EXCERPTED DATA Start Marker

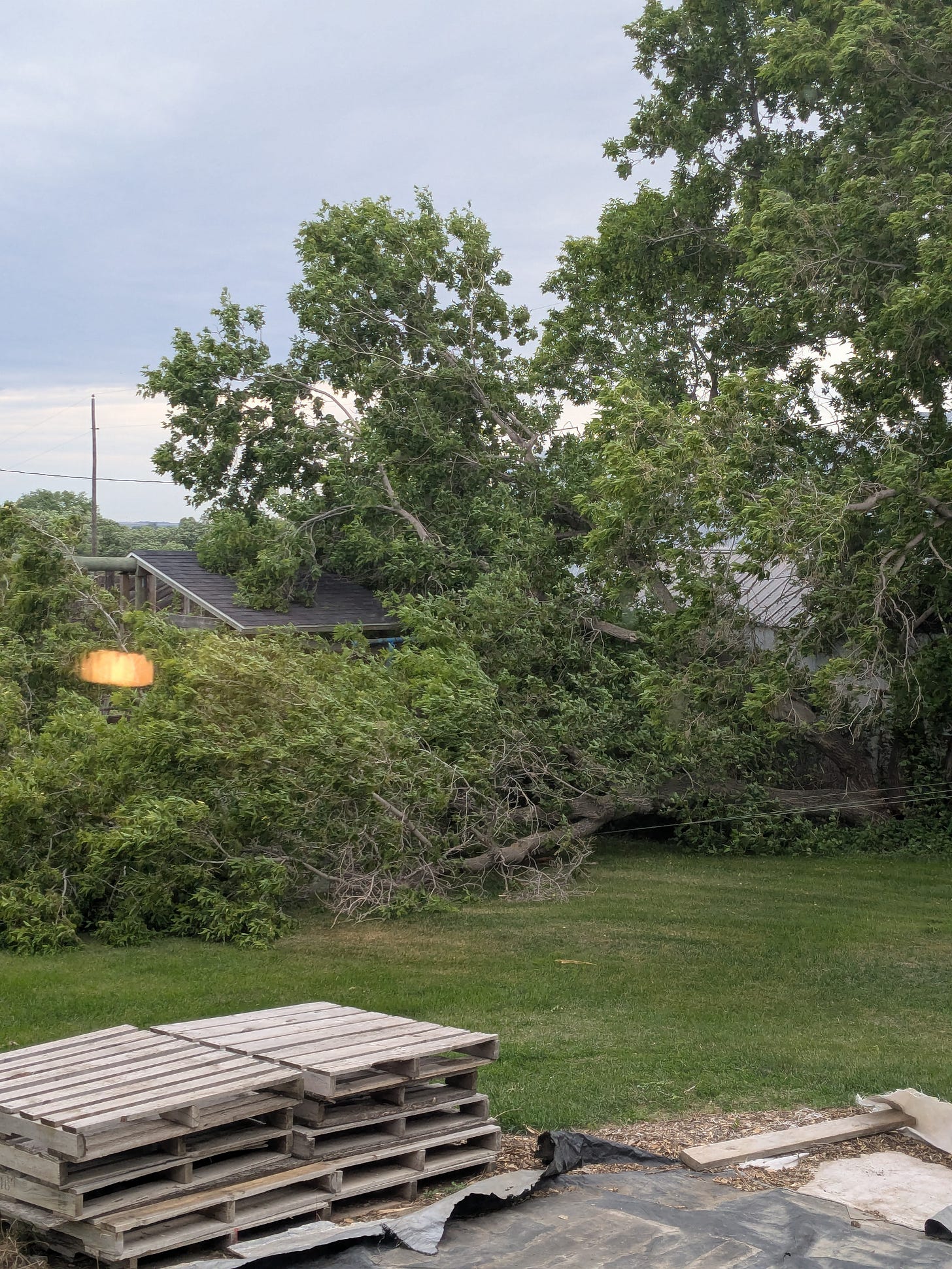 The day before the shower we cleaned up all the dead trees and branches in the yard, the next day we woke up to this.
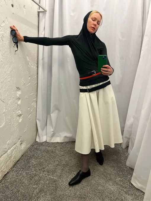 И завершает наш чек-лист вневременная концепция — два ремня. Мы уже рассказывали, что ее обожает Леандра Медин. Если вы только начинаете использовать ее, то берите два одинаковых ремня и примерьте их с юбкой. Один подчеркнет талию, а второй не затягивайте сильно, пусть создает трендовый заниженный силуэт. В этом приеме есть одна важная идея: иногда стиль можно построить на таких нюансах. Вы не усложняете гардероб, а смотрите на уже знакомые вещи под новым углом. И в этом заключается главный стилистический интерес.
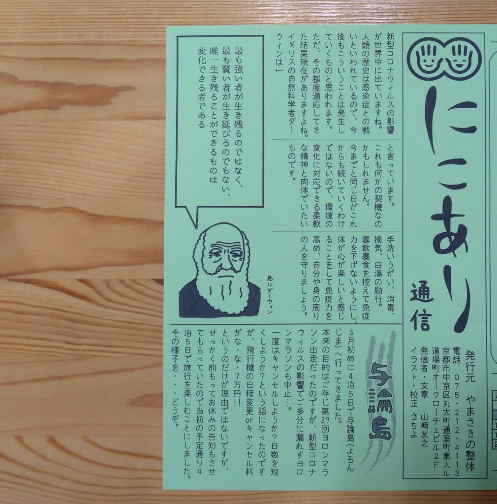 では早速。にこあり通信2020年4月号1ページ目です↓
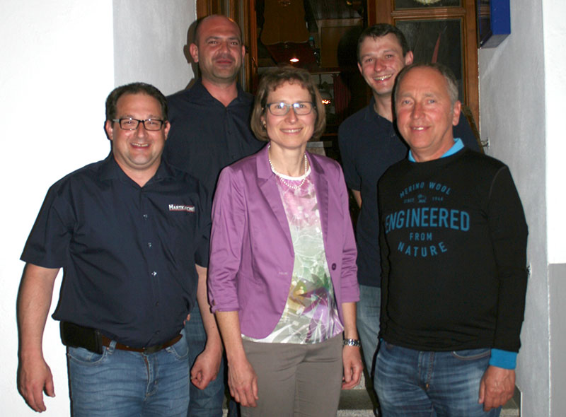 Der Gewinner der Maibaumverlosung: Vorsitzender Markus Maidl (v.l.), 2. Kommandant Markus Fraudorfer, Fahnenmutter Beate Kirschner-Schraufnagl, 1. Kommandant Christian Schmerbeck, Maibaumgewinner Erich Hofbauer.
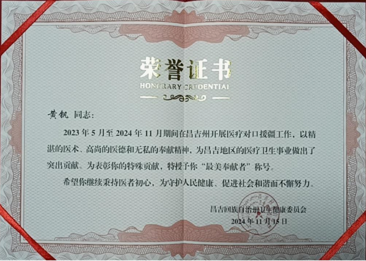 漫漫援疆路,濃濃援疆情。黃釩同志的努力和付出得到了當?shù)卣?、醫(yī)院醫(yī)護人員和患者的認可,榮獲“最美奉獻者”等榮譽稱號。
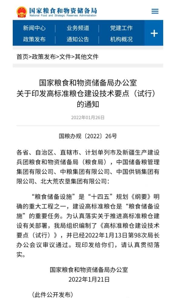2022年1月21日,國家糧食和物資儲備局發布《高標準糧倉建設技術要點(試行)》的通知。該要點明確了高標準糧倉建設的
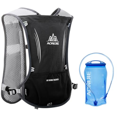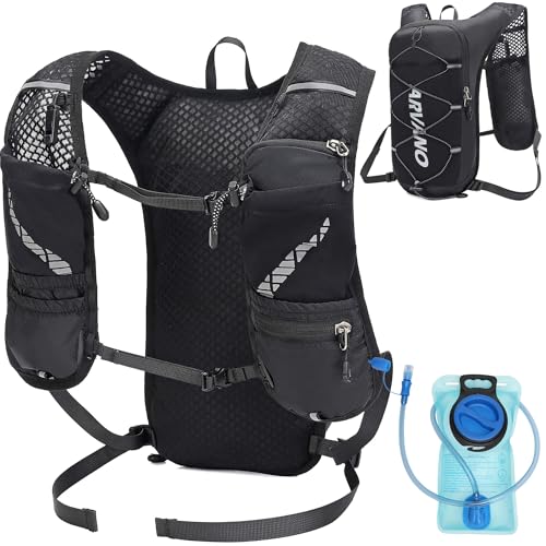 Arvano Löparväst Löparryggsäck med 1,5 liters vattenblåsa, lätt, andningsbar, 5L Hydreringspaket för Trail Löpning Maraton Cykling (Svart, En storlek)
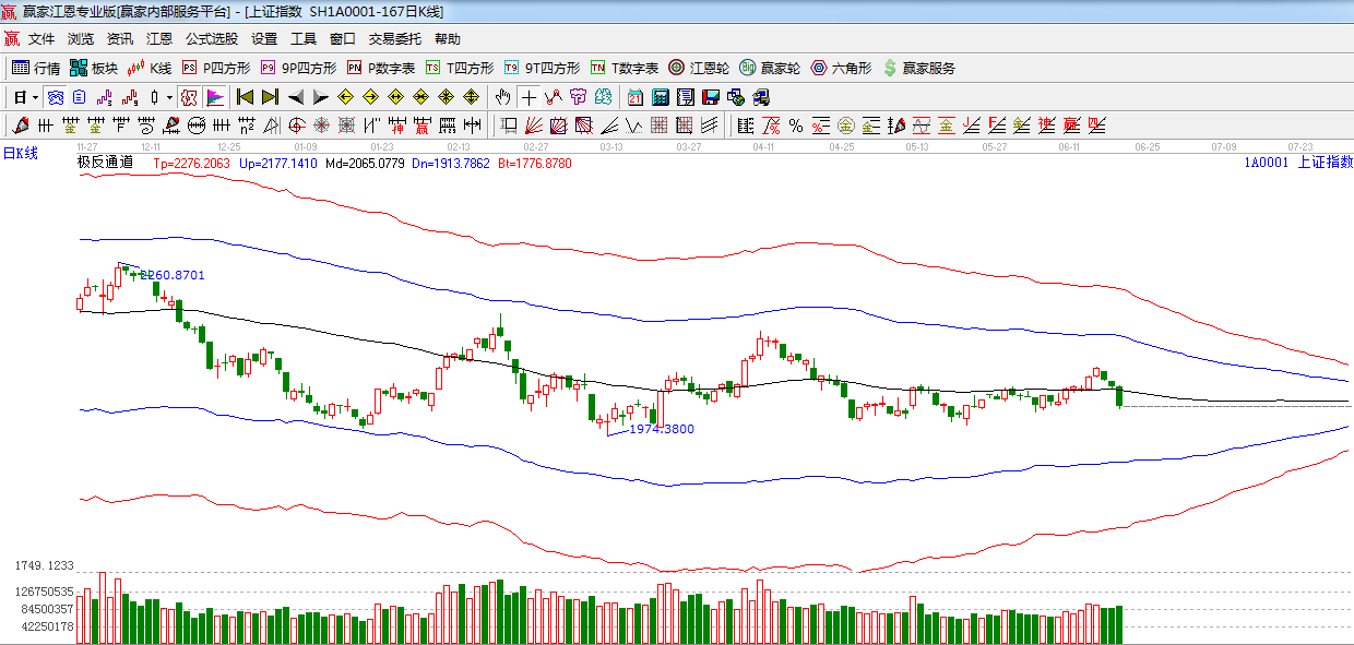 ☆依據(jù)贏家江恩系統(tǒng)極反通道提示:中陰線破位生命線,進(jìn)入弱勢(shì)區(qū)域,看空。
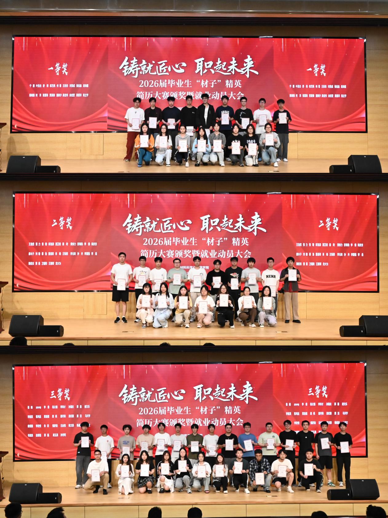 大会伊始,杨海涛副书记宣读了首届 “材子” 精英简历大赛获奖名单,并为获奖同学颁发荣誉证书。此次大赛吸引了近600名员工报名参赛,经过简历初评、互评、终评等环节,75名员工脱颖而出。获奖作品以“突出专业特色、强化实践能力、展现职业素养”为亮点,充分体现了材料学子对求职技能的扎实掌握。杨海涛在致辞中强调,简历是求职者的 “第一张名片”,希望同学们以此次比赛为契机,不断打磨求职材料,将工匠精神融入职业规划,为未来发展筑牢根基。
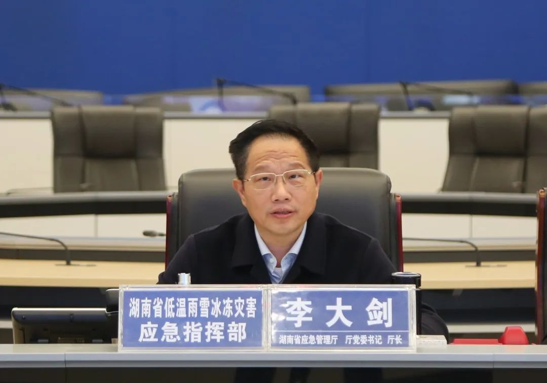 11月28日下午,湖南省低温雨雪冰冻灾害应急指挥部秘书长、省应急管理厅厅长李大剑主持召开防御低温雨雪天气视频调度会,传达省委、省政府领导指示批示精神,分析研判形势,动员全省迅速行动,全力应对今年入冬以来最强冷空气过程。
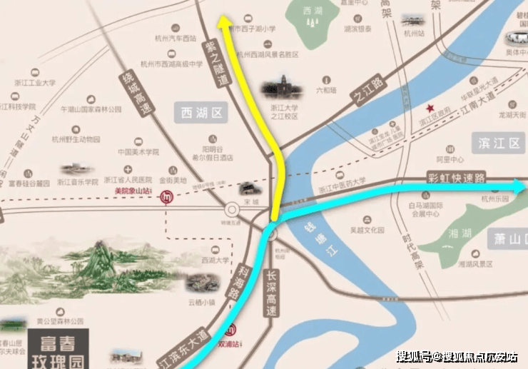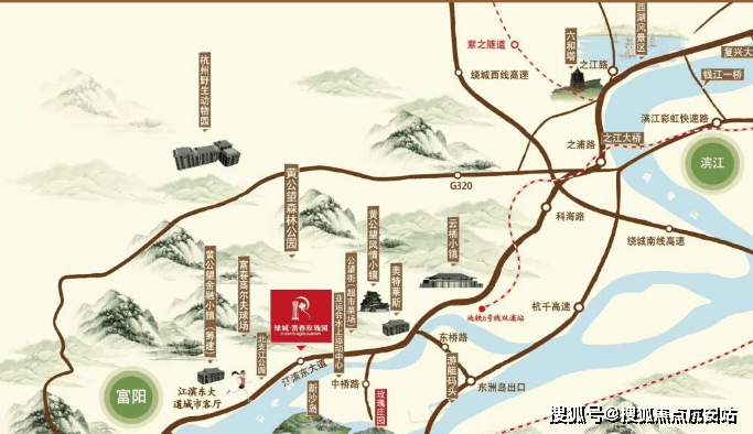 富春玫瑰园售楼处地址位置:富阳区东洲街道江滨东大道 515 号(黄公望森林公园南麓,富春江畔)
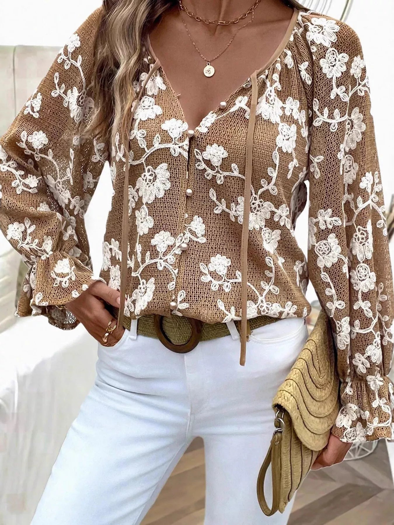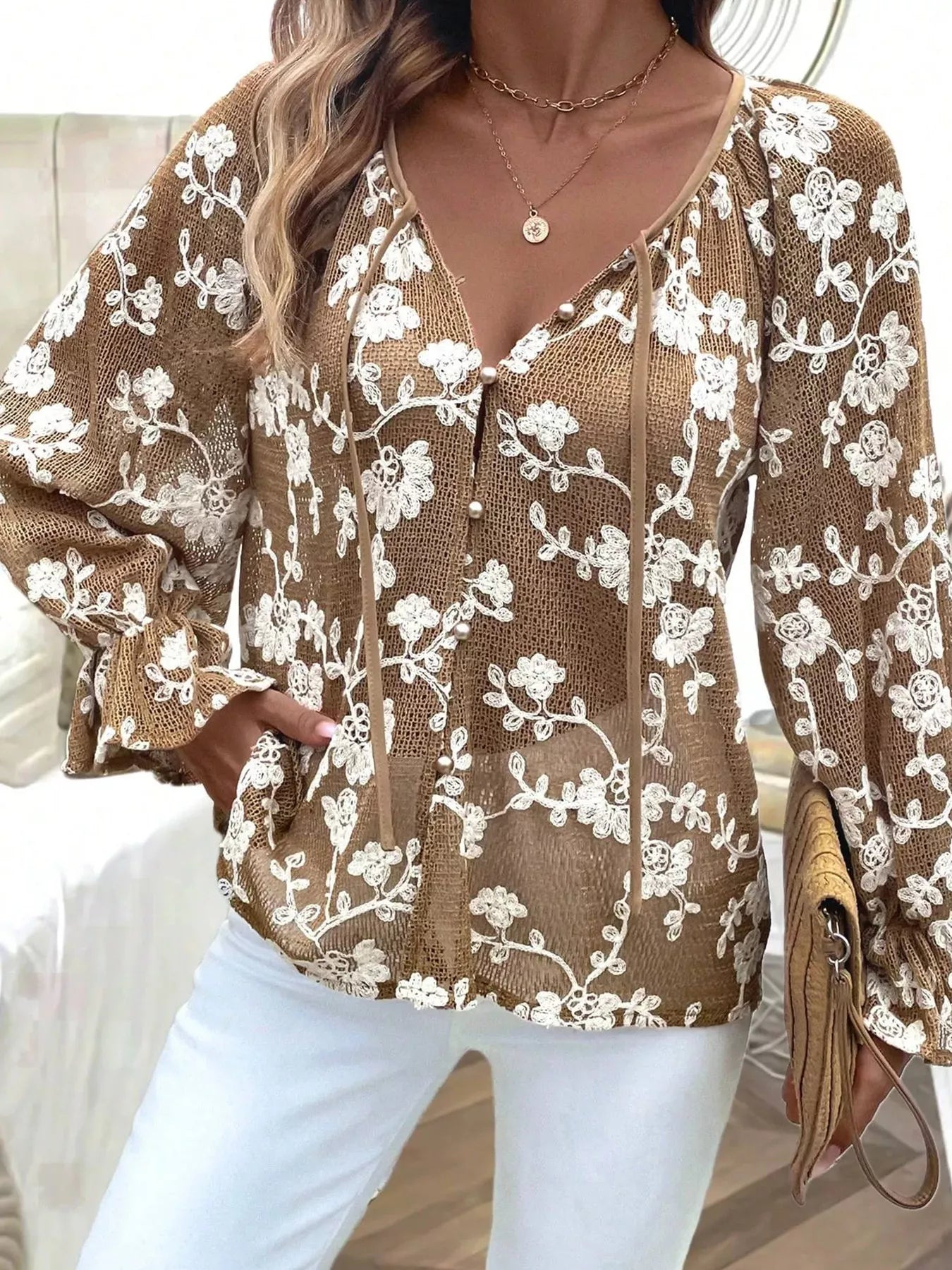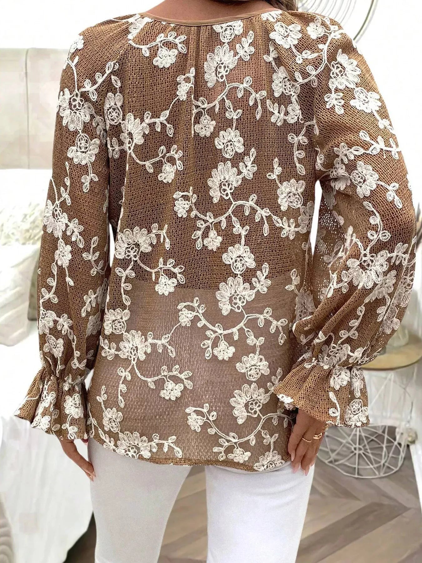 Floral Embroidered Long Sleeve Shirt
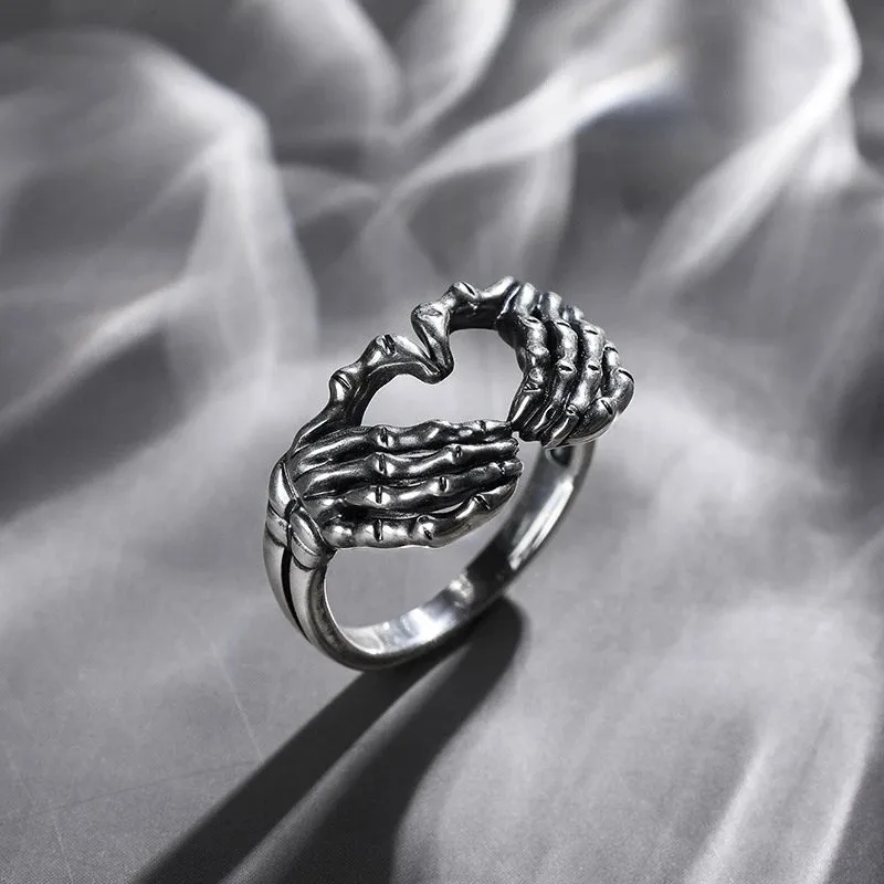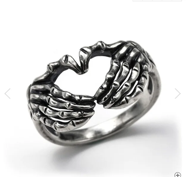 Мужские и женские кольца в стиле ретро, череп, рука с кольцом в форме сердца, креативная пара, индивидуальная из нержавеющей стали, панк, хип-хоп, украшения для вечерние
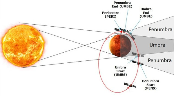 A Mars Express pályájának félárnyékos (penumbra) és árnyékos (umbra) szakaszai, amikor a napelemek a névlegesnél kisebb (vagy 0) teljesítménnyel termelnek áramot. A napsütés és az árnyék váltakozása jelentős termikus terhelést is okoz, amit a versenyzőknek a számítások során figyelembe kellett venniük. (Kép: ESA)
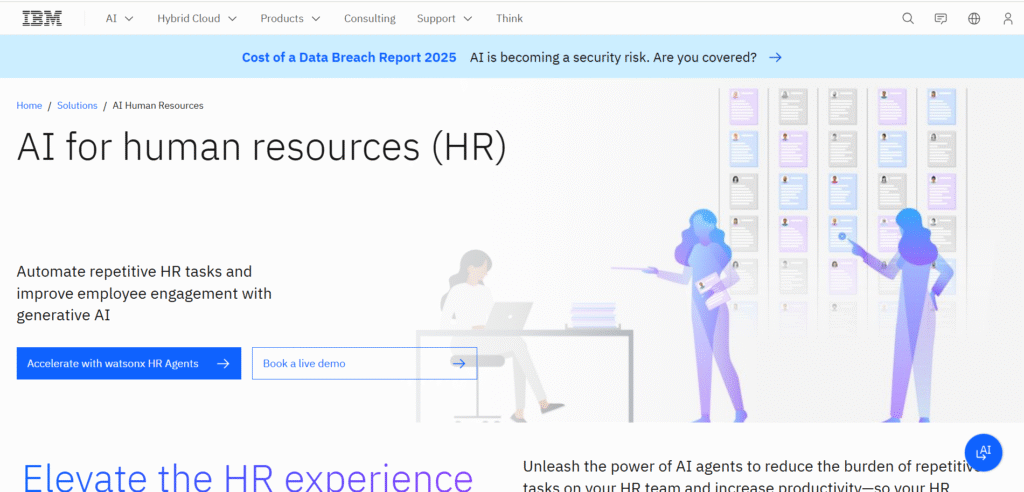 IBM Watsonx brings AI-driven insights and virtual assistants into HR workflows. It supports employee self-service for HR queries, automates case management, and provides real-time workforce analytics. The system also helps HR teams understand engagement trends, attrition risks, and training needs using advanced predictive analytics.
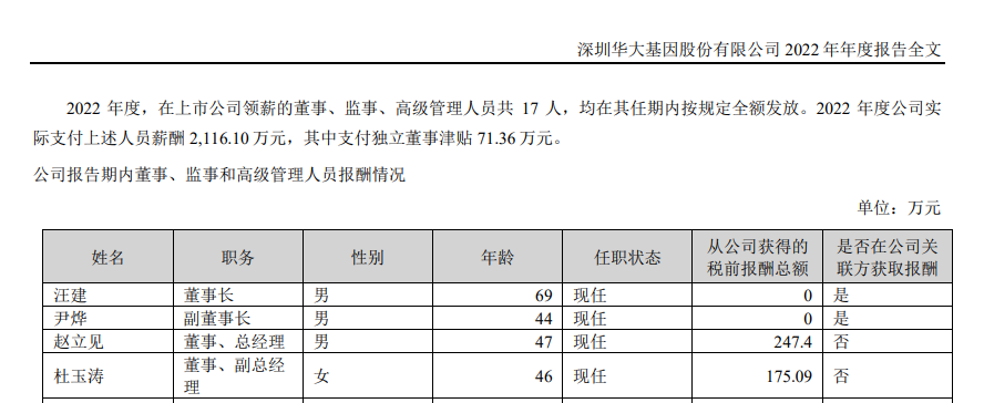 2021年6月,华大基因董事会聘任赵立见先生为公司总经理,尹烨先生不再担任华大基因总经理,转任华大集团CEO。2022年年报查询,赵立见的薪酬为247.4万元,并持有华大基因股份86300股。 1999年,中国参与“人类基因组计划”,华大诞生。彼时还没有从大学毕业的赵立见,是华大第一批实习生。“有人将工作比喻成谈恋爱,对我来说,华大就像我的‘初恋’一样。”赵立见说。伴随着刚刚诞生的华大,赵立见完成了从学校到工作的过渡,走过一个又一个的春秋,见证着华大一步步的成长。赵立见,男,1976 年出生,中国国籍,无境外居留权。本科。现任华大基因董事、总经理。曾任华大基因首席市场官、生育健康事业部负责人、运营团队成员并分管华大基因华南区业务,深圳华大基因医学有限公司(现已与深圳华大基 因科技服务有限公司合并为华大基因)运营团队成员。从赵立见的职业发展轨迹来看,其毕业于医科大学,预防医学背景,参与过华大的多个科研项目,属于专业技术型人才。后来又管理运营市场、事业部、公司区域业务,集技术、市场、管理、运营多种优秀能力于一身。再加之,在抗疫过程中的优秀表现,获得了董事会的信任和支持。作为华大的灵魂人物,董事长汪建近年来已经较少出现在公司的官方报道,更多是在关键时期以自身行动来感召员工,比如在抗疫初期赴武汉建立火眼、万米深潜探索海洋密码等。 在2021年上任总经理的赵立见,承担着华大基因后疫情时代稳健运营的重担。 从赵立见一些公开的报道中,可以看到他的一些思路和举措。2022年,在全球企业经营环境不确定性高的背景下,聚焦于生育健康、肿瘤防控和传感染疾病防控,并实现了相关产品的迭代、升级,着力自身的中长期发展。2023年,时刻保持战略定力,推动全球公共卫生体系建设,以新模式、新思路、新技术、新场景引领基因组学在精准医学领域的创新发展。

EXCERPTED DATA End Marker

- PROBLEM DETAILS: Return only the part above that opens with the line containing "Der Gewinner der" and closes with the line containing "IBM Watsonx brings", exactly and with both ends, skipping the pictures.

- RESULT OF THIS TASK:
 Der Gewinner der Maibaumverlosung: Vorsitzender Markus Maidl (v.l.), 2. Kommandant Markus Fraudorfer, Fahnenmutter Beate Kirschner-Schraufnagl, 1. Kommandant Christian Schmerbeck, Maibaumgewinner Erich Hofbauer.
 漫漫援疆路,濃濃援疆情。黃釩同志的努力和付出得到了當?shù)卣?、醫(yī)院醫(yī)護人員和患者的認可,榮獲“最美奉獻者”等榮譽稱號。
2022年1月21日,國家糧食和物資儲備局發布《高標準糧倉建設技術要點(試行)》的通知。該要點明確了高標準糧倉建設的
 Arvano Löparväst Löparryggsäck med 1,5 liters vattenblåsa, lätt, andningsbar, 5L Hydreringspaket för Trail Löpning Maraton Cykling (Svart, En storlek)
 ☆依據(jù)贏家江恩系統(tǒng)極反通道提示:中陰線破位生命線,進(jìn)入弱勢(shì)區(qū)域,看空。
 大会伊始,杨海涛副书记宣读了首届 “材子” 精英简历大赛获奖名单,并为获奖同学颁发荣誉证书。此次大赛吸引了近600名员工报名参赛,经过简历初评、互评、终评等环节,75名员工脱颖而出。获奖作品以“突出专业特色、强化实践能力、展现职业素养”为亮点,充分体现了材料学子对求职技能的扎实掌握。杨海涛在致辞中强调,简历是求职者的 “第一张名片”,希望同学们以此次比赛为契机,不断打磨求职材料,将工匠精神融入职业规划,为未来发展筑牢根基。
 11月28日下午,湖南省低温雨雪冰冻灾害应急指挥部秘书长、省应急管理厅厅长李大剑主持召开防御低温雨雪天气视频调度会,传达省委、省政府领导指示批示精神,分析研判形势,动员全省迅速行动,全力应对今年入冬以来最强冷空气过程。
 富春玫瑰园售楼处地址位置:富阳区东洲街道江滨东大道 515 号(黄公望森林公园南麓,富春江畔)
 Floral Embroidered Long Sleeve Shirt
 Мужские и женские кольца в стиле ретро, череп, рука с кольцом в форме сердца, креативная пара, индивидуальная из нержавеющей стали, панк, хип-хоп, украшения для вечерние
 A Mars Express pályájának félárnyékos (penumbra) és árnyékos (umbra) szakaszai, amikor a napelemek a névlegesnél kisebb (vagy 0) teljesítménnyel termelnek áramot. A napsütés és az árnyék váltakozása jelentős termikus terhelést is okoz, amit a versenyzőknek a számítások során figyelembe kellett venniük. (Kép: ESA)
 IBM Watsonx brings AI-driven insights and virtual assistants into HR workflows. It supports employee self-service for HR queries, automates case management, and provides real-time workforce analytics. The system also helps HR teams understand engagement trends, attrition risks, and training needs using advanced predictive analytics.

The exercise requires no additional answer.